In it, you play as a buff, scantily clad half-orc (whoa, momma!) who’s also named Zan. After waking up in a cave, stricken with amnesia, our hero discovers that crazed cultists and ferocious demons are waging war against the Iron Division, a group of talented mages and warriors who’ve been turning crystals into a power source. Their underground civilization has been ransacked, with few survivors left. You’ve gotta find them, all the while slaughtering everything in your path.
A lot of effort has been put into the lore of the game, and it’s pretty fascinating stuff. While you can still skip out on reading the scraps of parchment, diary extracts and narratives that appear during intermissions in between each level – instead simply focusing on committing mass genocide and beatiung each mission – you’d be missing out on a lot of intriguing plot points on offer.
Hedon has some truly fantastic level design.
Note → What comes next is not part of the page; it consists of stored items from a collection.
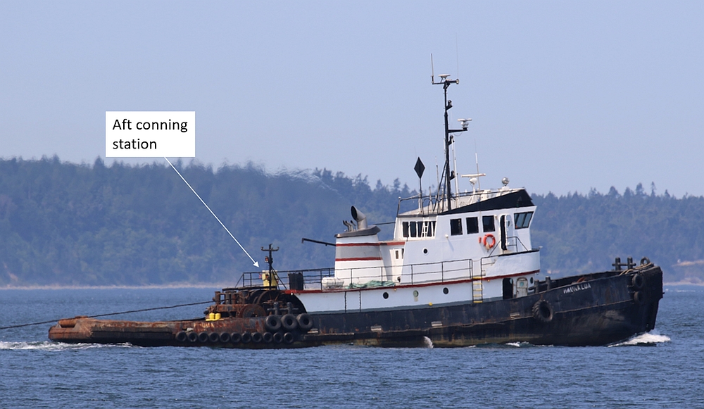 The wheelhouse contains a conning station with navigation equipment and machinery controls. A second conning station is located on the aft starboard side of the deck (Figure 1). This conning station faces aft and contains controls for the engine, bow thruster, steering, and towing pins. The tug is registered in the United States (U.S.) and is owned and operated by Salmon Bay Barge Line, Inc.
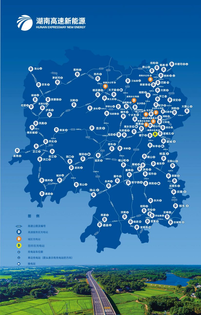 服务区充电指南:截至目前,全省高速132对服务区,共计1108个充电车位,路网基本覆盖。其中湖南高速集团投运的103.5对服务区设置有725个充电车位,省内的G4京港澳高速、G0422武深高速全覆盖;G5513长张高速、G60沪昆高速、G72泉南高速、G76厦蓉高速、G56杭瑞高速高密度布局;G55二广高速、G0421许广高速已布点充电桩。
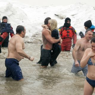 Ambos soportaron las bajas temperaturas del ambiente y el agua para apoyar la iniciativa de Special Olympics, una organización internacional que ayuda a personas con discapacidad psíquica.
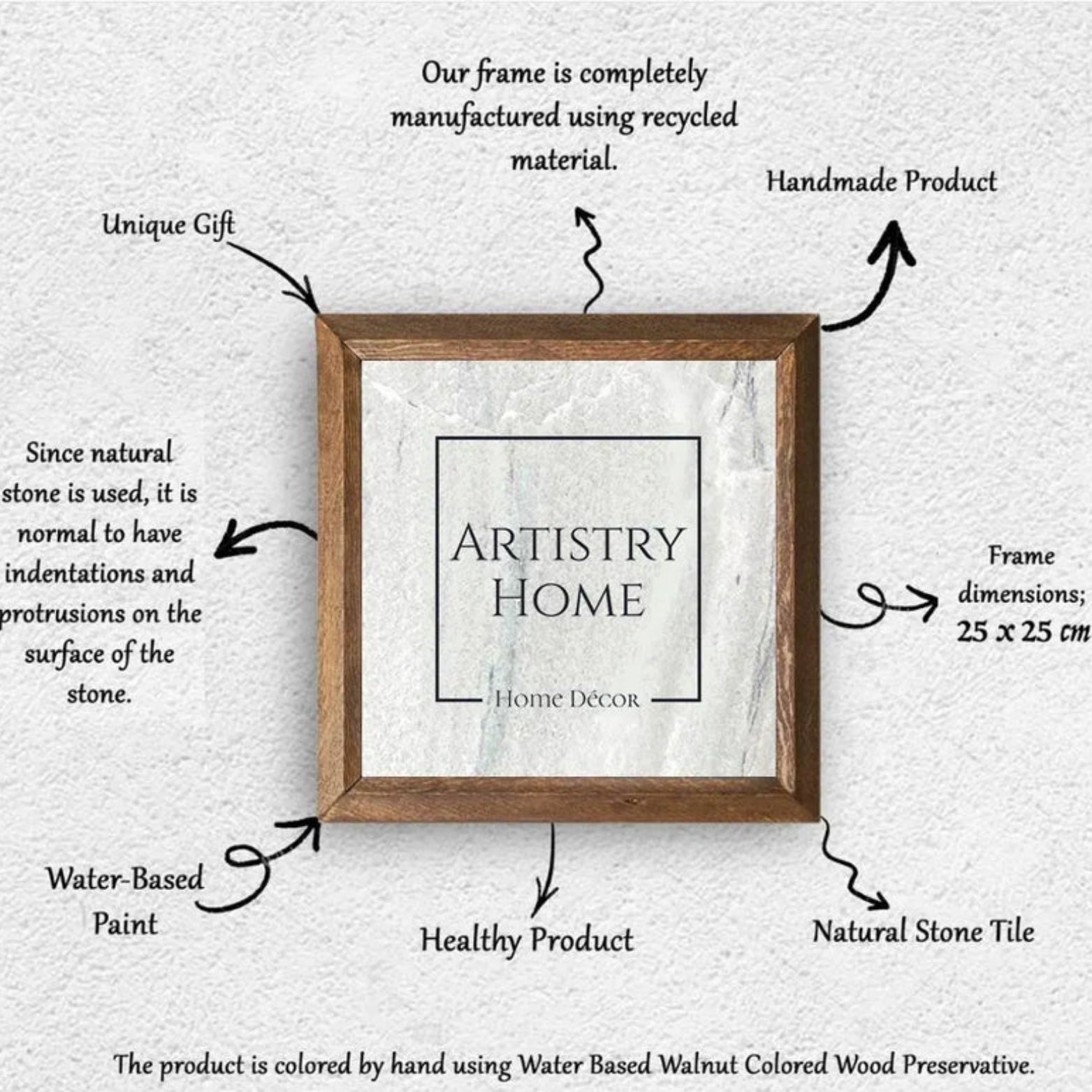 High-Quality Craftsmanship: The stone is expertly mounted in a 100% natural wood frame, handcrafted to perfection. The natural characteristics of the wood, including branches, wood grain, and surface texture, ensure each frame is unique and distinct.
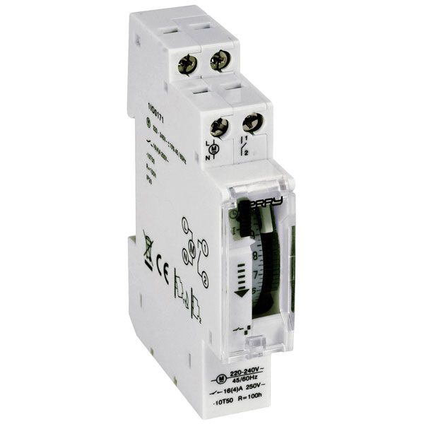 The Wallair 1IO0171 Timer is an analogue device designed for 24-hour mode with a power capacity of 3500 W. It features an IP20 rating and a power reserve, making it ideal for indoor applications. Typically used for automated control of electrical equipment, it is perfect for managing on/off cycles for devices like lights and appliances.

Each environment that you’ll be exploring is brimming with detail, from the claustrophobic caverns and its colourful underground plaza to the blood-soaked barracks and its luxurious bathhouse. The designs for these areas are complex and creatively designed (areas like the forge and aforementioned bathhouse definitely give off some Thief vibes). Props goes to the textures and lighting in this one as well.
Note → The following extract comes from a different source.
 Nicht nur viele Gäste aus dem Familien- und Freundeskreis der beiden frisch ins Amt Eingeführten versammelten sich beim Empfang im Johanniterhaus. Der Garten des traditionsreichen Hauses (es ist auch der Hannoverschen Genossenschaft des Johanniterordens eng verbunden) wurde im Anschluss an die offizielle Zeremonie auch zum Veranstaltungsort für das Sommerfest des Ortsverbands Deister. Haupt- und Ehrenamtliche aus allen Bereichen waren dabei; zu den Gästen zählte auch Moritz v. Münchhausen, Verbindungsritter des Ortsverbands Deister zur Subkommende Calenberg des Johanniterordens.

You can expect to do a lot of backtracking in this one. It’s never as simple as going from point A to B while killing every baddie in sight, though you’ll definitely be doing plenty of that. Anyway, you’ll need to keep an eye out for keys to unlock their corresponding doors, and quest items that are required in order to progress. Scraps of parchment and tomes will often give you hints about what items are required and where they can be found. Still, iit can be a tad tricky having to track these things down – there’s no list of objectives that remind you what you need to do at the moment – but your best bet is to look at your map, as it’ll show you the location of all locked door types.
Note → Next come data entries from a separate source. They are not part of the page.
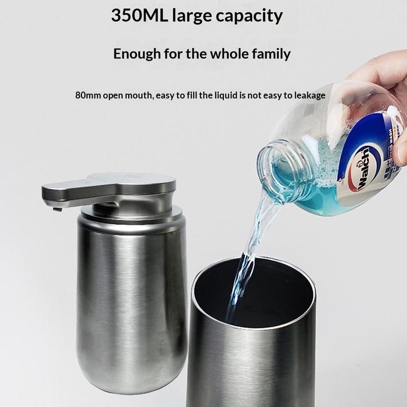 • Stainless Steel Automatic Soap Dispenser 350ml - Touchless Sensor Hand Sanitizer for Kitchen and Bathroom
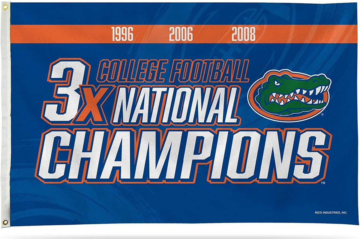 University of Florida Gators 3-Time Champions Premium 3x5 Feet Flag Banner, Logo Design, Metal Grommets, Outdoor Use, Single Sided
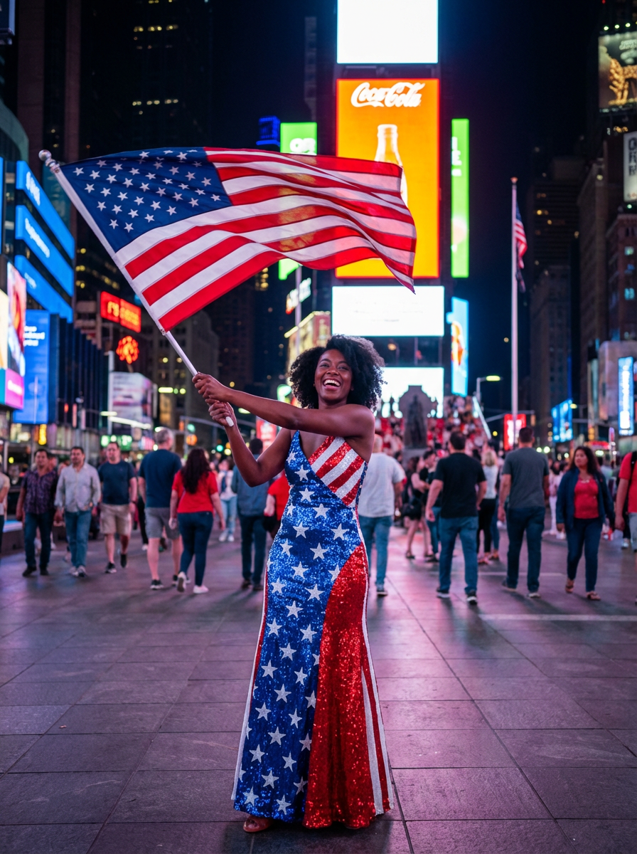 model in Times Square at night, surrounded by the iconic neon lights, wearing a glamorous sequined dress in bold red, white, and blue with star patterns , waving a large American flag, the bustling energy of New York City creating an electric patriotic atmosphere

Often, these objectives include things like loading a cannon with a power crystal to destroy a door, forging keys by smelting iron ingots, and so on. Completing these tasks may spawn in enemies by the dozen, most of which are made up of bolt-throwing cultists, giant worms, and spellcasters, with the occasional Hellhound tagging along. Usually, they’re not too bad to face against, provided you’re armed and healed up. The most annoying enemy type has to be the crystal clusters that explode on impact, and the bigger variants that frequently spawn them. However, for the most part, the difficulty remains consistently challenging but fair.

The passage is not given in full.